Network Observability with SuzieQ: Part One

Fresh out of attending Autocon1 (Network Automation Forum) in Amsterdam, I was excited to try out SuzieQ, a network observability tool that I heard a lot about. Though I had heard about SuzieQ before, and even tried it out in a lab environment before, I wanted to dive deeper into it and see how it could help me in my day-to-day work now that i was in a 100% network automation role.

What we will cover in the multipart series

In this multipart series, we will cover the following topics:

1. Introduction to SuzieQ - Part 1
2. Setting up SuzieQ using Docker Compose - Part 2
3. Interacting with SuzieQ data - Part 3

Introduction to SuzieQ

SuzieQ is a network observability tool that provides a snapshot of the network at a given point in time. It collects data from network devices and stores it in a database at specified intervals. This data can then be queried to get insights into the network. It allows for us to have a historical view of the network and help us answer questions like What changed in the network between 2 points in time? or What is the state of the network at a given point in time?. This can particularly be useful in troubleshooting network issues, auditing the network state, post-change validation, and more.

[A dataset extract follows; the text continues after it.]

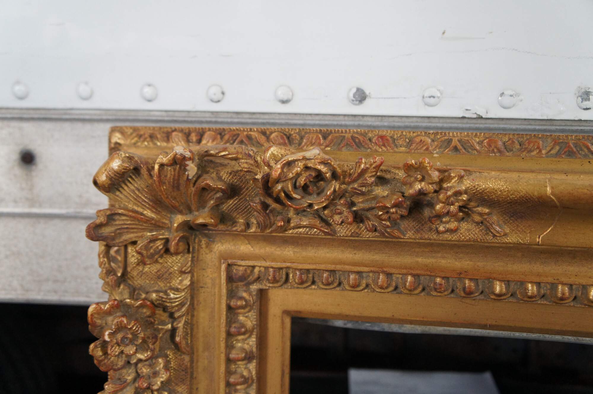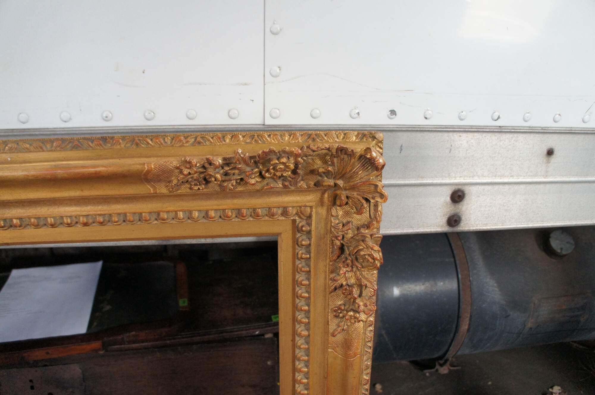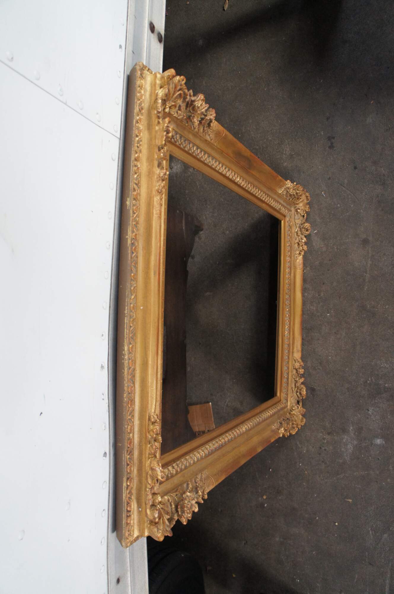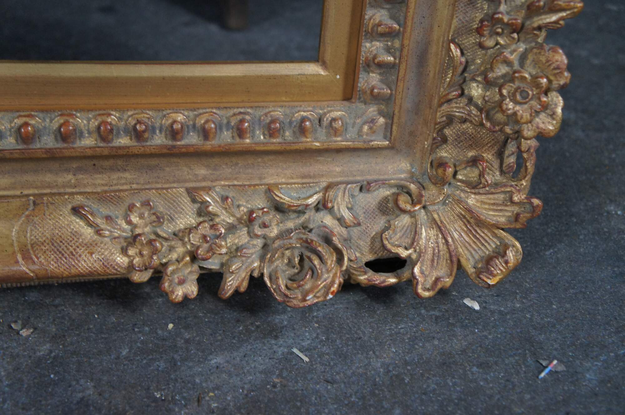 An ornate late 20th-century Baroque style art or mirror frame. Features beautiful raised foliate relief along the corners and egg and dart molding. Fits a 24" x 30" painting or mirror.

Some of the features of SuzieQ include:

1. Multi-vendor support: It supports a wide range of network devices from different vendors like Cisco, Juniper, Arista, Cumulus and more.
2. Agent less: It does not require any software to be installed on the network devices. It uses SSH or REST APIs to collect data from the network devices.
3. Data Normalization: It normalizes the data collected from different vendors to provide a consistent view of the network.
4. Historical Data: It stores the data collected from the network devices in a database, allowing us to query the data at different points in time.
5. Query Language: It provides a query language that allows us to query the network snapshot to get insights into the network.
6. REST API: It provides a REST API that allows us to interact with the network snapshot programmatically.
7. Web UI: It provides a web UI that allows us to interact with the network snapshot using a web browser.
8. Integration with Source of Truth tools: It can integrate with Source of Truth tools like NetBox to source the inventory data.

SuzieQ Terminology

Before we dive into SuzieQ, let's understand some of the terminologies used in SuzieQ:

1. Configuration File: The configuration file is a YAML file that contains the configuration for SuzieQ. It contains information that defines how SuzieQ behaves and interacts with the network devices.
2. Inventory File: The inventory file is a YAML file that contains the list of devices that SuzieQ will collect data from. It contains information like the device's hostname, IP address, username, password, and more. SuzieQ can source the inventory data from NetBox, a popular network Source of Truth tool.
3. Poller: The poller is the heart of SuzieQ. It is responsible for collecting data from the network devices and storing it in the database. It logs into the devices, collects data, normalizes it across vendors, and stores it in the database.
4. Parquet Database: SuzieQ uses a Parquet database to store the data collected from the network devices. Parquet is a columnar storage format that is optimized for querying and processing large datasets.
5. SuzieQ-CLI: SuzieQ-CLI is a command-line interface that allows us to interact with the data that SuzieQ has collected.
6. Namespace: A namespace is a logical grouping of devices in SuzieQ. It allows us to group devices based on criteria like location, vendor, or function. Namespaces can be used to filter devices when querying the data.

How does SuzieQ Work?

SuzieQ requires read only access to your network devices. It then connects to each of your devices either via SSH or HTTP to collect data on the state of the device like route table, BGP state, OSPF state and stores it in a database. SuzieQ has the ability to understand relationships and dependencies between devices giving us a holistic view of the network.

Wrapping Up

Wrapping up part 1 of this multipart series, we have covered an introduction to Suzieq, its features, and some of the terminologies used in Suzieq.

In part two of this multipart series, we will cover setting up Suzieq using docker compose. This is something that is less documented and I am excited to share my experience setting it up. Also in part two, we will cover the configuration file and inventory file in detail.